Вошли Настя и Леся. Настя румяная, крепенькая, а Лесю и банный жар не выкрасил — лицо бледное, как у больного ребенка, лишь губы ярки и сочны. Охочих до поцелуев парней такие губы влекут больше, чем остальные девичьи прелести. И еще — «захарчована» Леся, это уж точно. Непомерно просторными кажутся на ней Настины ситцевая кофточка и старая юбчонка, а кирзовые армейские сапоги будто с великана сняты и надеты на тонкие Лесины ноги. Совсем вроде пацанка, но на плечах шинель внакидку, на шинели черные квадраты петлиц с маленькими желтыми танками. А сапоги, понятно, потому и велики, что в них надо всунуть забинтованную ногу. Да и этот полированный костыль-посошок в руке!..

— Здравствуйте! — негромко сказала она, явно смущенная многолюдьем избы.

Ларионовна бережно подхватила ее под локоть, повела, прихрамывающую, к столу. Стахей Силыч — тут как тут: проворно снял с Леси и повесил на гвоздь шинель. Костя, упираясь плечом в стенку, украдкой коснулся щекой колючего армейского сукна, вдохнул его запах. Нет, здесь он другой, не тот, казенный, какой исходил от шинели Ивана Петровича во время его приезда на свадьбу. Здесь, чудится Косте, пахнет сукно пороховым дымом, походными кострами и чем-то больничным. Устойчивый запах войны. Хотел бы Костя заявиться домой в такой шинели, с костылем в руке! Весь Излучный сбежался бы к Осокиным — на воина посмотреть.

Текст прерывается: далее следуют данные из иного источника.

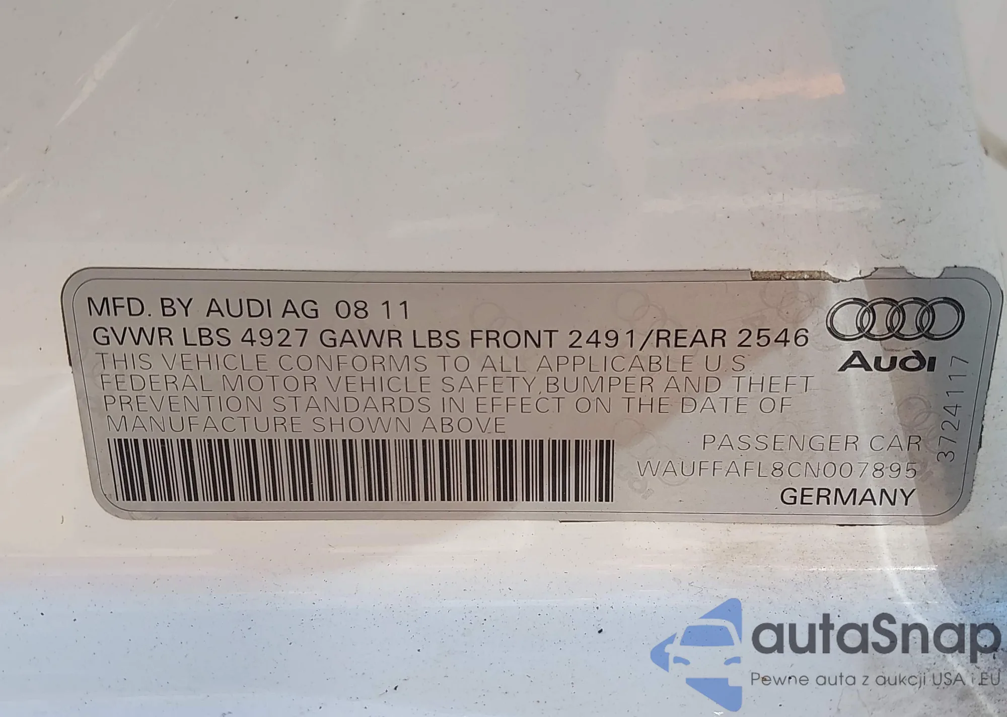 LOT: 41809490 VIN: WAUBA34B3WN093639

Леся не пила чай, она то брала из руки в руку горячий стакан, то ставила его на блюдце, то опять поднимала. И вовсе не видела замершего, околдованного ею Костю, никого в этой просторной избе она не видела. Перед ней было еще недавнее, пережитое, что осталось там, в белорусских лесах и болотах. Об этом медленно, вздрагивая и поеживаясь, и поведала притихшим излученцам.

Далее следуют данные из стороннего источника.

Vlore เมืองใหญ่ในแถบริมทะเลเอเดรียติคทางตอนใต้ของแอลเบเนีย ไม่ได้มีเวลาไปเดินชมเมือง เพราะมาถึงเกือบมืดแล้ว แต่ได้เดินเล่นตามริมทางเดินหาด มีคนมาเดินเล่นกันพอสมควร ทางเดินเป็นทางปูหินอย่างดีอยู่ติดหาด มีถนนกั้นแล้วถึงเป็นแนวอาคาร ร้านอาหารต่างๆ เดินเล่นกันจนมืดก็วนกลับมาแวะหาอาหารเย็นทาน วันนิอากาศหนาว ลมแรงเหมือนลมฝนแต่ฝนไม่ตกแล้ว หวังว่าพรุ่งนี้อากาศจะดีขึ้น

Рассказывала, как перешли границу немцы, как расстреляли ее отца, как она попала в полк Табакова и как полк отступал, в непрестанных страшных боях теряя людей и машины. Дошла Леся до последнего боя, которым руководил Табаков и в котором ее ранило. И особенно волновалась, когда вспомнила последнюю атаку немцев, она видела ее уже из кузова санитарной машины, которая никак не заводилась…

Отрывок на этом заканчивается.